The Neptunes also wrote and produced music for Mariah Carey, Madonna, Busta Rhymes, Shakira, Common, Toni Braxton, Cee-Lo, Solange, Faith Evans, Ciara, Omarion, 702, Mystikal and Clipse, whose first two albums were fully helmed by the duo. The Neptunes earned the Grammy Award for non-classical producer of the year at the 2004 show.
Williams and Hugo met in the seventh grade and appear together in the alternative hip-hop trio N.E.R.D. along with Shay Haley. In recent years Williams, a 13-time Grammy winner, has produced without Hugo (two Grammys), churning out hits for other artists such as Daft Punk, Kendrick Lamar, Ed Sheeran, Ariana Grande, Migos, Beyoncé and Jay-Z. Williams also found major success with his own music, even earning an Oscar nomination for the smash “Happy,” one of the top songs of the decade.
If inducted, Outkast and Williams — who also raps and sings — could join the elite group of hip-hop players in the Songwriters Hall: Jay-Z, Jermaine Dupri and Missy Elliott joined the organization in 2017, 2018 and 2019, respectively.

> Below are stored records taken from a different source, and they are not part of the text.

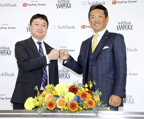 就任会見でソフトバンクの三笠GMとポーズをとる小久保裕紀ヘッドコーチ(右)/(C)共同通信社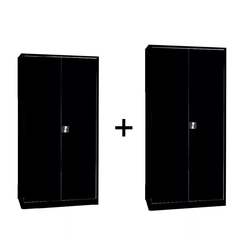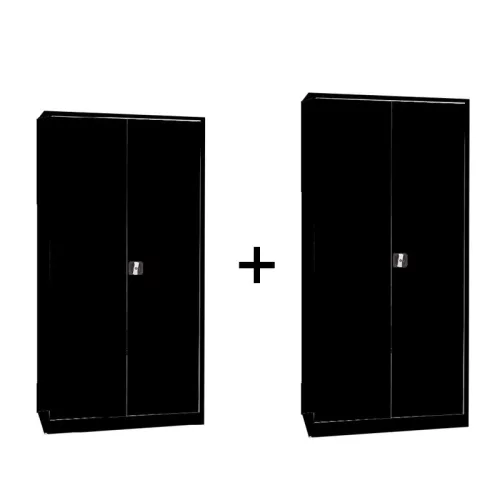2 db szárnyasajtós fém irattároló szekrény (WING-18 + WING-19), Fekete/fekete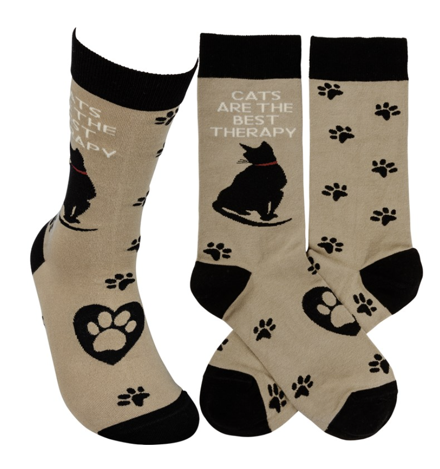 These colorful socks feature woven designs with coordinating Cats Are The Best Therapy sentiment. Cotton, nylon, spandex. One size fits most.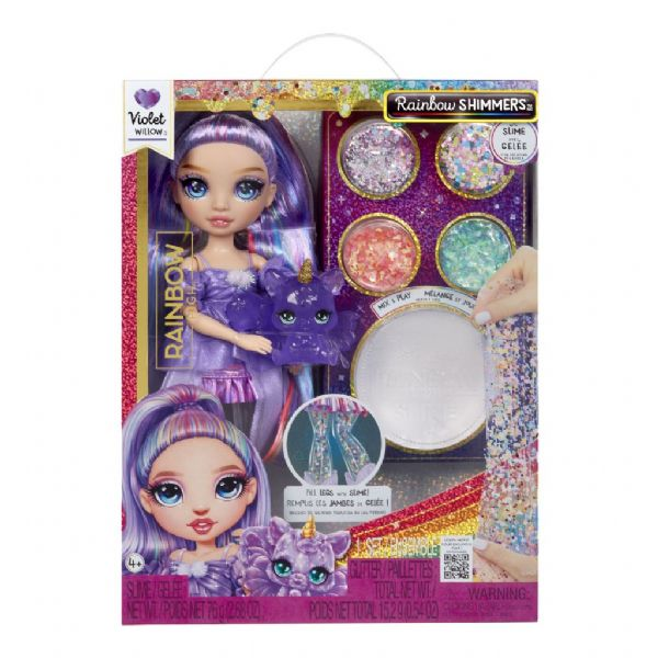 Rainbow High Rainbow Shimmers-settet kommer med et slimsett som lar deg mikse og matche dine egne glitrende farger, teksturer og former. Bruk slimet til å lage en unik regnbueeffekt på dukkens ben og forvandle utseendet hennes med vakre, skimrende fargetoner.

Outkast emerged from the Atlanta rap scene in the mid-90s, marking both commercial and critical success with the albums “Southernplayalisticadillacmuzik,” ’'ATLiens,” ’'Aquemini” and “Stankonia,” as the Southern hip-hop movement thrived. Andre 3000 and Big Boi’s fifth release, 2003’s double album “Speakerboxxx/The Love Below,” propelled them to pop star icon status, thanks to the inescapable hit “Hey Ya!” The album, which blended sounds of jazz and rock with hip-hop, became the second rap-based album to win the Grammy for album of the year, following Lauryn Hill’s win for “The Miseducation of Lauryn Hill” at the 1999 show. A rap album hasn’t won the top Grammy prize since Outkast’s win, though hip-hop heavyweights like Jay-Z, Kendrick Lamar, Eminem, Kanye West, Drake and Lil Wayne have competed for the honor.
R.E.M. shook up the music world with its experimental, edgy sound and then earned multiplatinum success and a place in the Rock and Roll Hall of Fame. The group got its start in Athens, Georgia, coming out of the region’s flourishing indie-rock scene. The band was credited for helping launch college radio with songs such as “Radio Free Europe.” And later the mainstream caught on, and R.E.M. became chart-topping rockers, selling millions of albums with hits like “It’s the End of the World as We Know It (And I Feel Fine),” ’'Losing My Religion” and “Everybody Hurts.” Michael Stipe, Peter Buck and Mike Mills announced in 2011 that the band was done. R.E.M.'s original lineup included Bill Berry, who left the group in 1997, two years after he suffered symptoms of an aneurysm onstage, though he guest-performed with the band throughout the 2000s. All four members are nominated for the Songwriters Hall.